My "solution" so far is a cache for each mount point with a two-level tree like structure. The structure contains a list of all cached directories identifiable by file name and inode. Each of these directory entries contains a list of all files (and directories) inside this directory. What do you think? I would like some comments on this :)
gerryg400
Member
Member
Posts: 1801
Joined: Thu Mar 25, 2010 11:26 pm
Location: Melbourne, Australia

Re: VFS caching

Post by gerryg400 »

I don't think you need to keep the entire contents of a directory cached. The dcache only needs to contain entries that will be requested often.

It's also a big win if you design your cache so that it also lists objects that are known NOT to exist. A lot of filesystem time is wasted searching again and again for files that don't exist. Consider what happens when a (dumb) shell keeps statting for binary files in all the directories on the $PATH or a compiler continually searches for include files in all the directories in the include path list.

A simple idea might be to keep a tree which basically represents a partial filesystem. Not all directories need to be fully cached, though you should mark the ones that are so that you don't need to search them again.
If a trainstation is where trains stop, what is a workstation ?
User avatar
zity
Member
Member
Posts: 99
Joined: Mon Jul 13, 2009 5:52 am
Location: Denmark

Re: VFS caching

Post by zity »

gerryg400 wrote:I don't think you need to keep the entire contents of a directory cached. The dcache only needs to contain entries that will be requested often.
You are probably right, but I cannot know if a file is requested once or multiple times, so all I can do is to cache a file when it's opened. When a file is opened via the VFS, the entire directory is read in the file system, so I could just aswell store all the entries with the only disadvantage being wasting memory (not that it doesn't matter).

It seems like a very good idea to store a list of non-existing files, hadn't thought of that. I will probably implement this feature.
gerryg400
Member
Member
Posts: 1801
Joined: Thu Mar 25, 2010 11:26 pm
Location: Melbourne, Australia

Re: VFS caching

Post by gerryg400 »

You are probably right, but I cannot know if a file is requested once or multiple times, so all I can do is to cache a file when it's opened.

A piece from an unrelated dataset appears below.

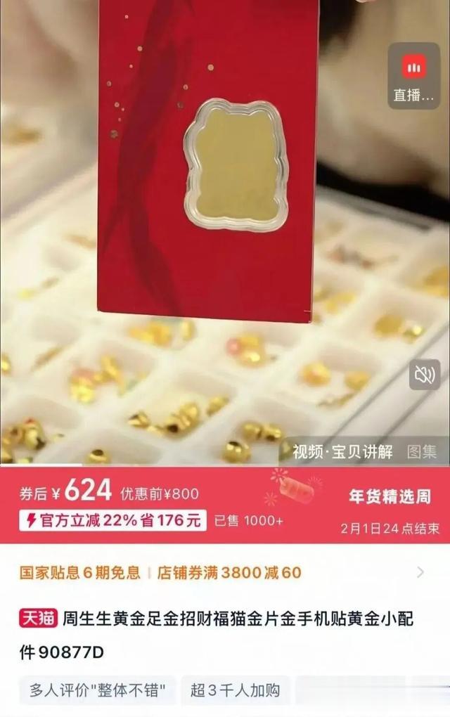 据北青报2025年报道,公开数据显示,淘宝上的足金手机贴纸卖出了超20万片。某网店卖家告诉长江云新闻记者,其店铺一款2毫克黄金手机贴月销量超500单,他解释了价格走高的原因:“小克重黄金工艺费占比很高,再加上包装、物流和品牌运营成本,叠加近期整体金价高位运行,折算下来克价自然水涨船高。”

When a file is opened via the VFS, the entire directory is read in the file system, so I could just aswell store all the entries with the only disadvantage being wasting memory (not that it doesn't matter).
You need a caching algorithm to evict old entries, LRU or somesuch.

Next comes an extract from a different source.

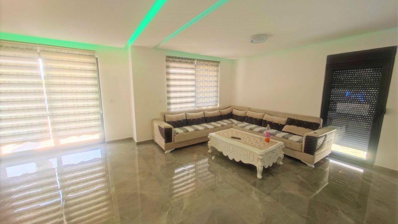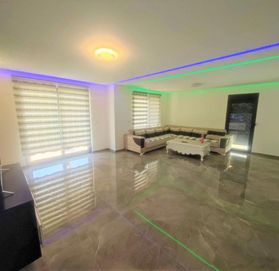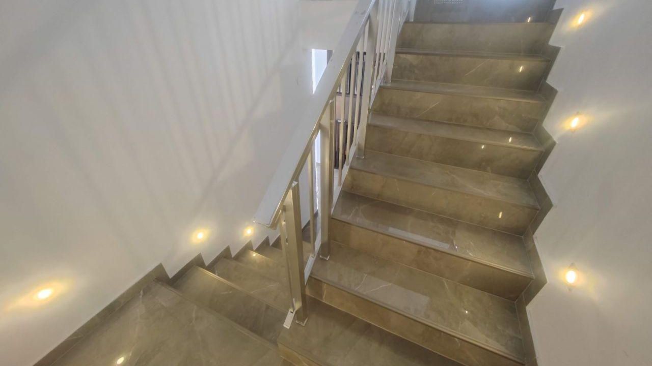 В доме есть ложные потолки с светодиодными светильниками, панорамными окнами, система отопления, подогреваемые полы в ванных комнатах, кондиционеры.

Also, there may be some very large directories in your file system. If you are searching a directory contain 1000 files and you find the file in the first position there is little sense continuing. I think it's better to not limit your design in that way. For example my /usr/bin contains more than 1086 files. A large number of these I never (or rarely) use. The ones that I do use must for the sake of average performance, be in the directory cache.
If a trainstation is where trains stop, what is a workstation ?
User avatar
zity
Member
Member
Posts: 99
Joined: Mon Jul 13, 2009 5:52 am
Location: Denmark

Re: VFS caching

Post by zity »

gerryg400 wrote:Also, there may be some very large directories in your file system. If you are searching a directory contain 1000 files and you find the file in the first position there is little sense continuing. I think it's better to not limit your design in that way. For example my /usr/bin contains more than 1086 files. A large number of these I never (or rarely) use. The ones that I do use must for the sake of average performance, be in the directory cache.
If we only consider opening files your point is definitely valid, because one rarely uses more than a few files in a directory. But if the entire directory is cached I can avoid contact with the filesystem if I want to list the content of a directory using readdir().

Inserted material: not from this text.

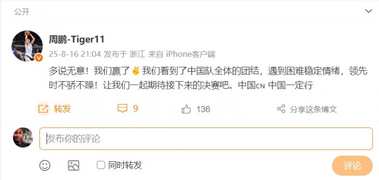 比賽結(jié)束后,老將周鵬在社媒上向中國(guó)男籃送上了祝賀,寫(xiě)道:“多說(shuō)無(wú)意!我們贏了??我們看到了中國(guó)隊(duì)全體的團(tuán)結(jié),遇到困難穩(wěn)定情緒,領(lǐng)先時(shí)不驕不躁!讓我們一起期待接下來(lái)的決賽吧。中國(guó)???? 中國(guó)一定行 ???”

When programming my OS I want simplicity rather than maximum performance, to some extent at least. This is why I'm a little unsure how to do this, because performance IS importent, but I will not trade code simplicity for a minor performance boost. The easiest and simplest would be the solution suggested by berkus, with a single array of files and directories identifiable by filename and inode (and maybe a hash value of the filename). But if I want to cache entire directories, a single array is imho not the best solution.

So the question is how often the content of a directory is listed and how often a single file is opened.
pranjas
Member
Member
Posts: 25
Joined: Sun Jan 16, 2011 9:18 pm

Re: VFS caching

Post by pranjas »

You can have an option that would allow applications to hint your FS to cache the dentries. Since this is more or less related to a user opening files, which your FS can't guess ofcourse. The amount of memory you are willing to keep for cache is another issue, but i guess that should be configurable by a user as well.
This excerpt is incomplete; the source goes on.